Problem. Your answer must be the lines from the one holding "Kit 4 Banquetas" through the final line of the entries below, copied exactly, with no pictures.

Extracted records
*** Block opens ***

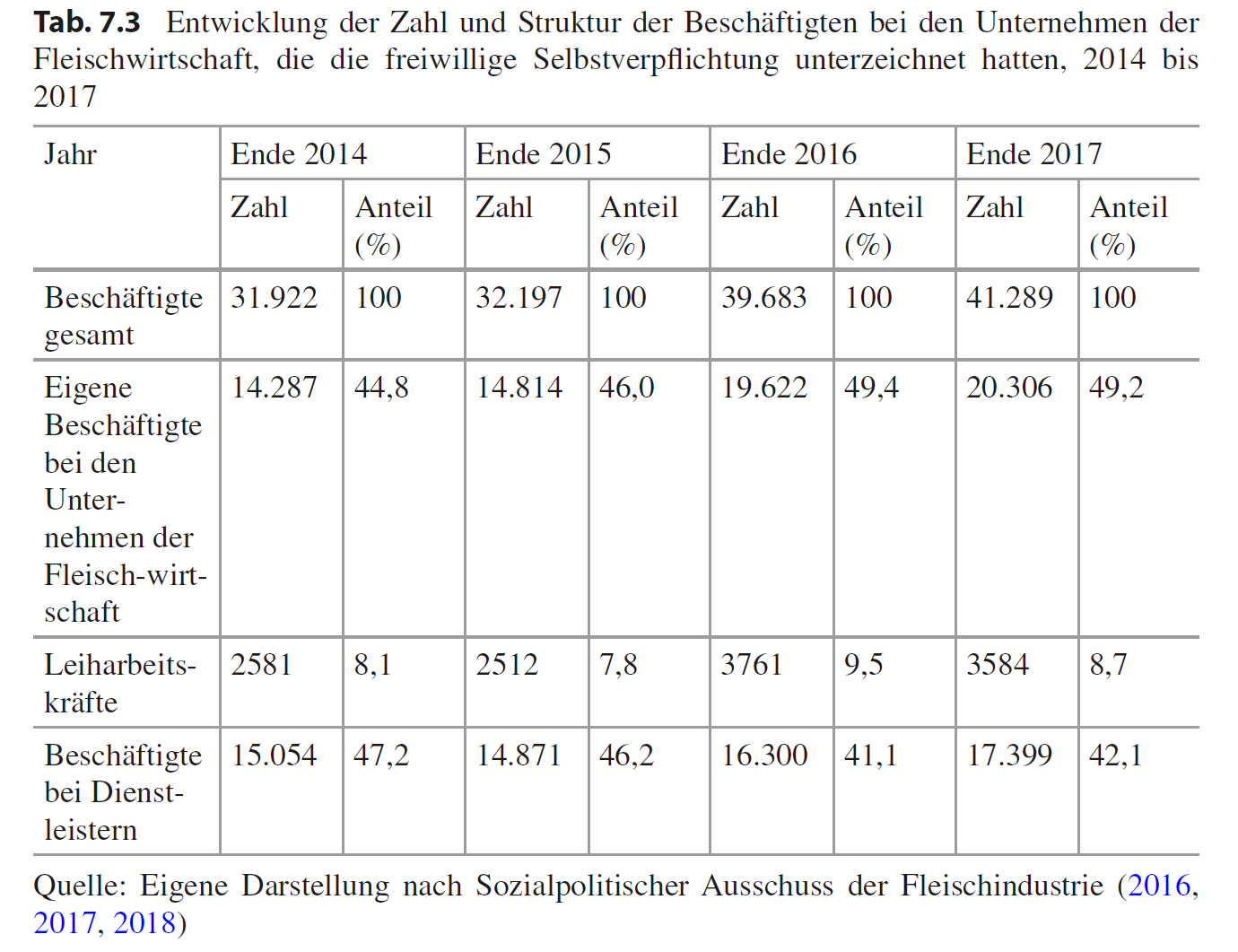 In Deutschland sind die Unterkünfte von gewissen Fleischverarbeitern ein Corona-Epidemieherd. Das ist leider nicht überraschend. Die Arbeitsbedingungen in der deutschen Fleischverarbeitung sind seit Jahren prekär. Vor allem weil die Branche mit unzähligen Subunternehmen arbeitet – davon viele aus den östlichen EU-Mitgliedstaaten. Diese stehen unter einem enormen Preis- und Konkurrenzdruck, den sie an die Arbeitnehmer weitergeben. Seit 2014 hat sich die Lage zwar etwas entschärft – u.a. wegen der Einführung des Mindestlohnes. Nach wie vor sind aber die Hälfte der Arbeitnehmenden in der Branche nicht bei den Firmen selber angestellt, sondern bei Subunternehmen («Dienstleister») oder bei Temporärfirmen (s. das Buch von Bosch et al.).
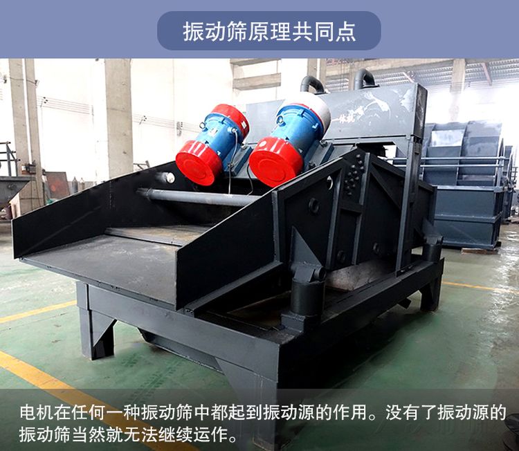 無論是哪種振動篩其結構中都少不了電機,這是因為電機在任何一種振動篩中都起到振動源的作用。沒有了振動源的振動篩當然就無法繼續運作。不同振動篩的原理共同之處就是振動電機接通電源后,電機上的偏心塊產生激振力,帶動整個篩框篩網的振動,物料在振動作用下與篩面做相互運動,小于篩孔大小的物料就會穿過篩網到達下一層級,而篩不下去的物料則通過振動篩出料口排出,以此類推,從而達到層層分級的效果。
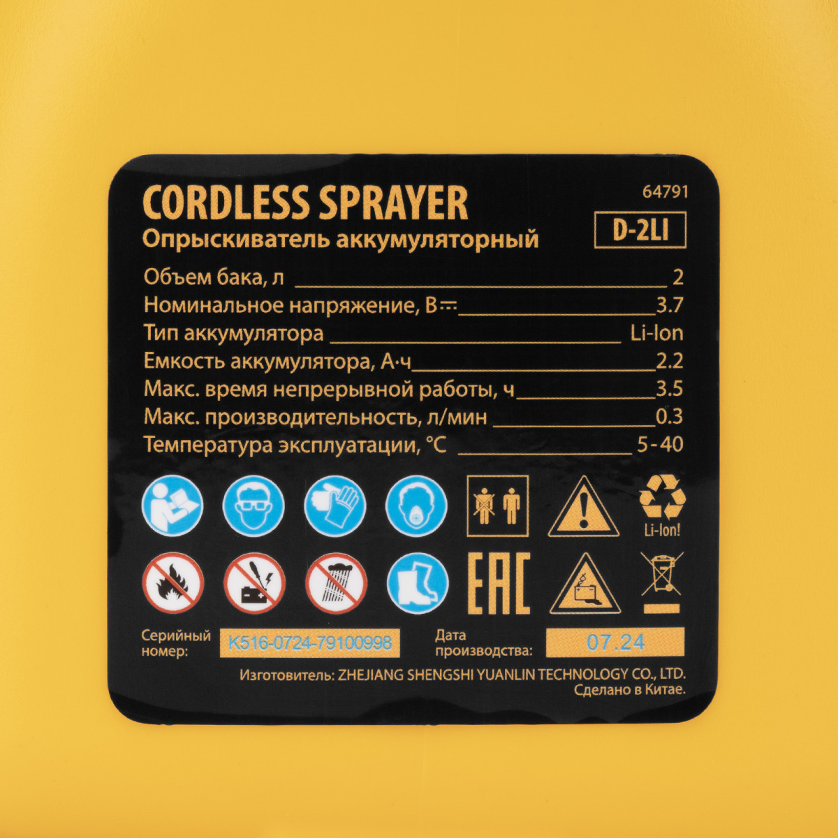 Опрыскиватель аккумуляторный D-2LI, 2 л, 3,7 В, 2,2 Ач Denzel
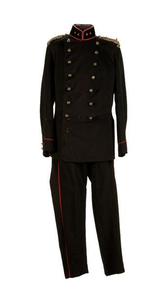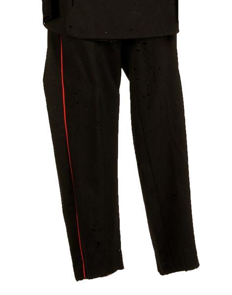 Model 4 april 1868, voor 1e luitenant der artillerie. Pantalon van zwart laken. Zijnaden met biezen van rood laken. In beide zijnaden steekzakken. Beide zakken hebben een blinde sluiting met een knoopje (zwart) en een knoopsgat. Middenvoor een blinde sluiting met 4 koperen knopen (klein) en 4 knoopsgaten. Bovenaan de sluiting een koperen haak en oog. Op rechtergedeelte sluiting 2 koperen oogjes voor bevestiging band. Op tailleband voor 4 en achter 2 koperen knopen (groot). Koperen knopen met opschrift J.W. DE JONG AMSTERDAM. Op rechter voorpand klein horizontaal steekzakje. Middenachter in tailleband en gedeelte van de naad een split. In het split is een zwart etiket genaaid met ingeweven versiering en tekst in oranjegeel: J.W. DE JONG AMSTERDAM. Taillewijdte te verstellen met bandjes van zwart laken en een koperen gesp op het achterpand. Voering voorsluiting en rechter steekzakje donkerblauwe keperkatoen. Zakken naturel katoen. Voering tailleband en bovenkant broek witte keperkatoen. Op de binnenkant van het linkervoorpand is een band van witte keperkatoen met 2 knoopsgaten bevestigd. In de zoom van beide pijpen is aan de voorkant een stukje naturelkleurig linnen, gebiesd met witte keperkatoen, genaaid. Op de zoom van beide pijpen is aan de achterkant een reepje donkerblauwe keperkatoen genaaid.
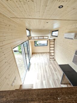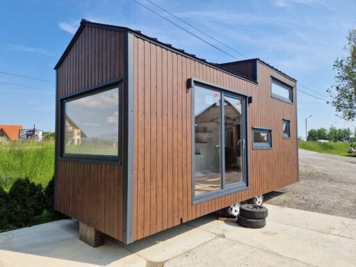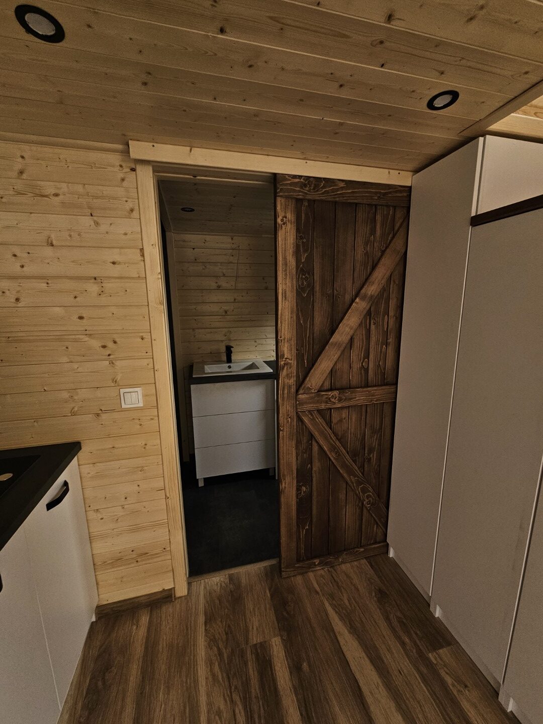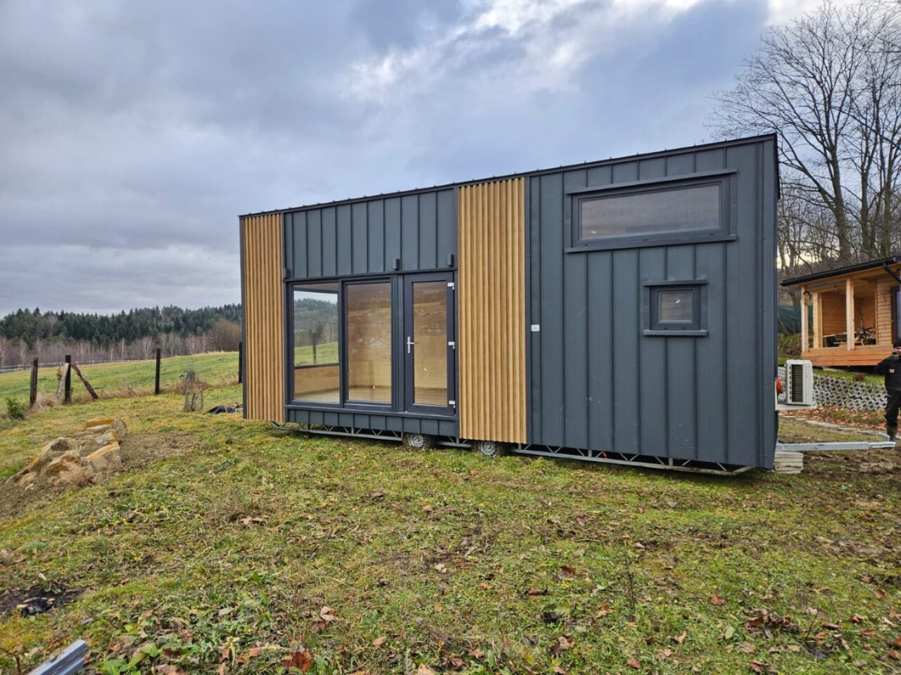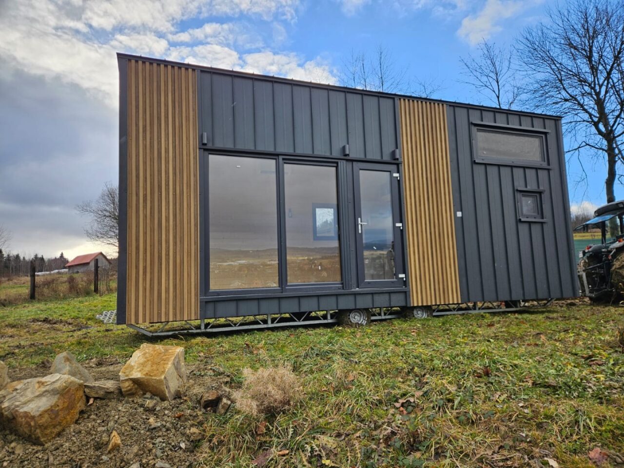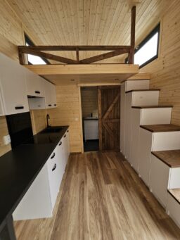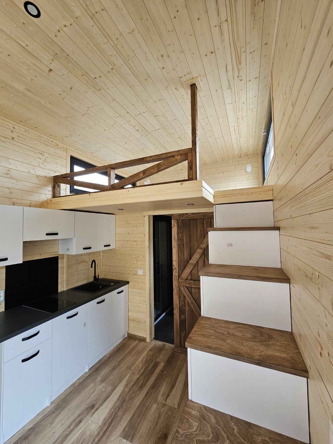 Domek mobilny Miki to nasza nowa propozycja. Zbudowany jest na przyczepie, dzięki czemu możesz poruszać się z nim po drogach lub postawić na działce w otoczeniu przyrody. Posiada dużo przeszkleń, które wpuszczają światło dzienne do wnętrza. Wnętrze jasne, wykończone drewnem w naturalnym kolorze. Szafki w kolorze białym z czarnym blatem w aneksie kuchennym. Domek mobilny Miki jest jednym z naszych największych domków o rozmiarach 300cm x 810cm i posiada aż dwie antresole.
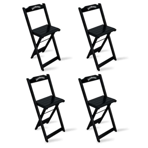 Kit 4 Banquetas Bistrô De Madeira Dobravel Jack Daniel's Preta - Cor: Preto
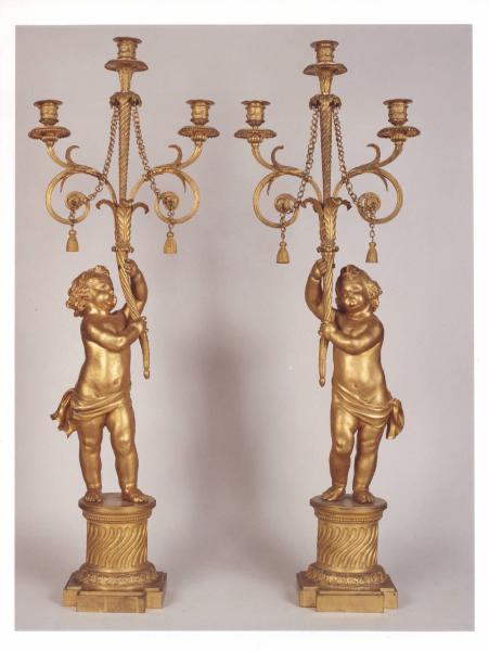 Coppia di candelabri in bronzo dorato con base a forma di colonna scanalata; putto reggente una cornucopia dalla quale emerge un torciglione che regge la luce centrale e i due bracci laterali a foglia d'acanto da cui riccioli pendono due elementi decorativi a imitazione delle nappe.

*** Block closes ***

Exercise solution.
 Kit 4 Banquetas Bistrô De Madeira Dobravel Jack Daniel's Preta - Cor: Preto
 Coppia di candelabri in bronzo dorato con base a forma di colonna scanalata; putto reggente una cornucopia dalla quale emerge un torciglione che regge la luce centrale e i due bracci laterali a foglia d'acanto da cui riccioli pendono due elementi decorativi a imitazione delle nappe.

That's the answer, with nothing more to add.